Mallorca, according to the Post Office's survey, stands at number 14 in a list of 36 destinations. There are two ways of looking at this. Mallorca is either the fourteenth cheapest place in the world or it is the twenty-third most expensive. The damning evidence, if you want to call it this, is that Portugal and Spain top the list of the cheapest destinations. How can Mallorca be more expensive than Spain? Must be because it's a rip-off. So will go the conclusions. Presumably, similar hackles are being raised in Tenerife which comes in at number nineteen on the list. Perhaps there is something to do with islands. And what might that be?
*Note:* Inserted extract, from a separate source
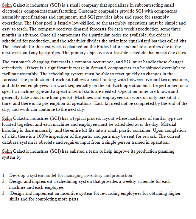 Solved Sohn Galactic industries (SGI) is a small company Chegg com

Let's get some perspective. With the exception of Bulgaria (number four), other non-Iberian competitors to Mallorca are, if one accepts the Post Office's findings, about as expensive or about as cheap - Croatia and Cyprus fractionally cheaper, Greece and Turkey fractionally more expensive.
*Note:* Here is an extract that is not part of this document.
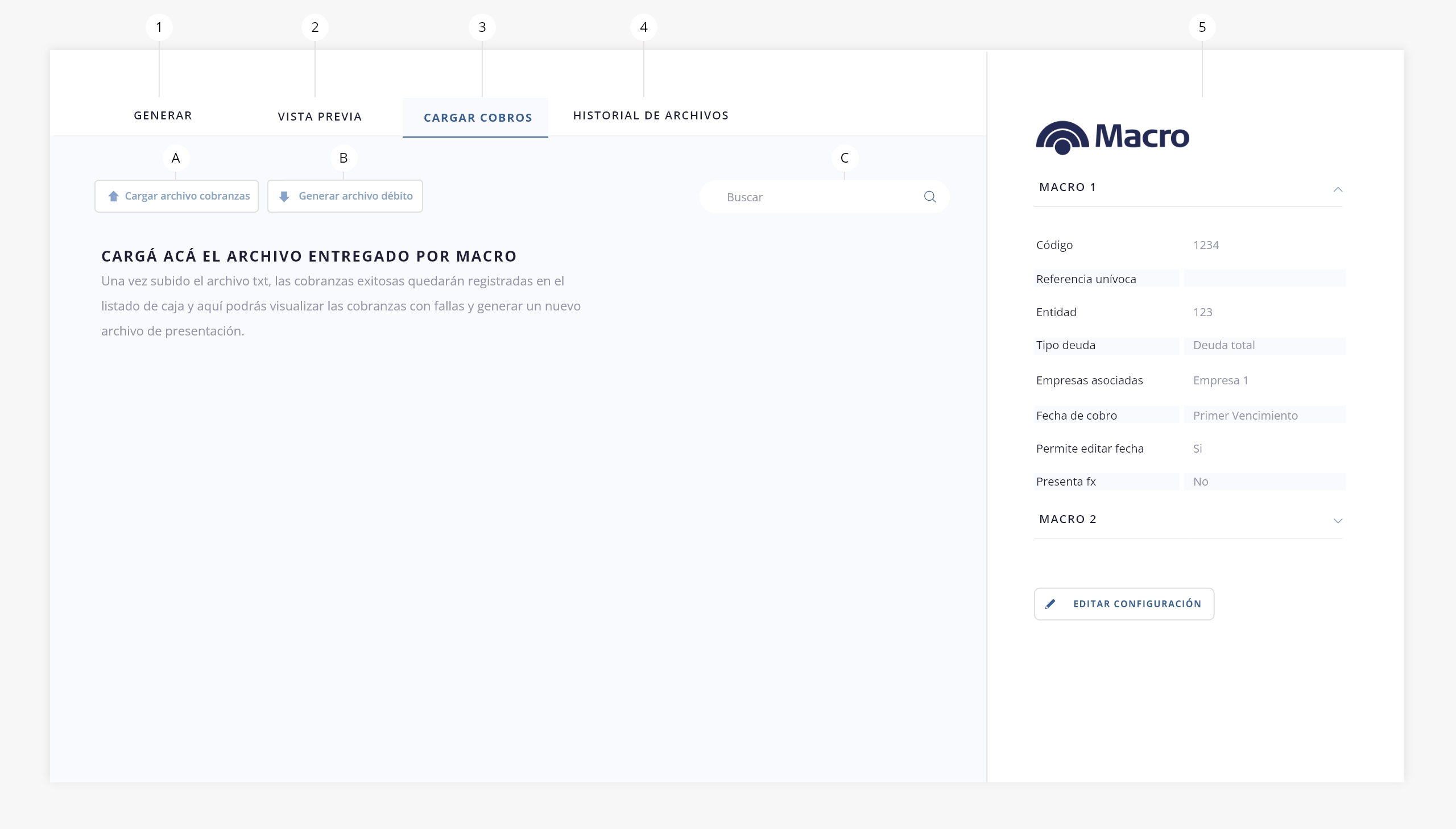 - a. Cargar archivo. Subí acá el archivo con las conformaciones o rechazos de los débitos proporcionado por Banco Macro.

The other perspective that is necessary is to understand how this survey is compiled. The trouble is that the Post Office doesn't say. If you go to its website, you will find the full results, but nothing about the methodology, save for the basket of goods that form the basis of the comparison. And one other thing. As a footnote, it says that prices are supplied by tourist offices with certain exceptions. Information for Mallorca comes from a villa agency. Why? I honestly couldn't say.
Unless you know the precise way in which this survey is conducted, you can make all manner of assumptions. The villa agency in question is a highly reputable operation. It specialises in luxury villas. Of its thirteen properties in Mallorca, eleven are in Pollensa. Let's just assume for one moment that information on prices is taken locally - in Pollensa town. It is not hard to imagine that these might be a tad higher than they are in, say, Puerto Alcúdia or Magalluf.
Mallorca languishes twelve places below Spain in this survey. But what is meant by Spain? Make another assumption. Benidorm. Anyone can tell you that Benidorm has a reputation for being cheap. Naff cheap, inexpensive cheap. Potentially, therefore, you have a polarity in terms of market; the economy variety of Benidorm and the luxury end of Pollensa. Chalk and cheese. One of the greatest disparities between Mallorca and Spain, says the survey, is the cost of a three-course meal with wine for two, a twelve euro difference. So what? It's eminently possible, just as it's eminently possible to pay the lower Spanish amount in Mallorca.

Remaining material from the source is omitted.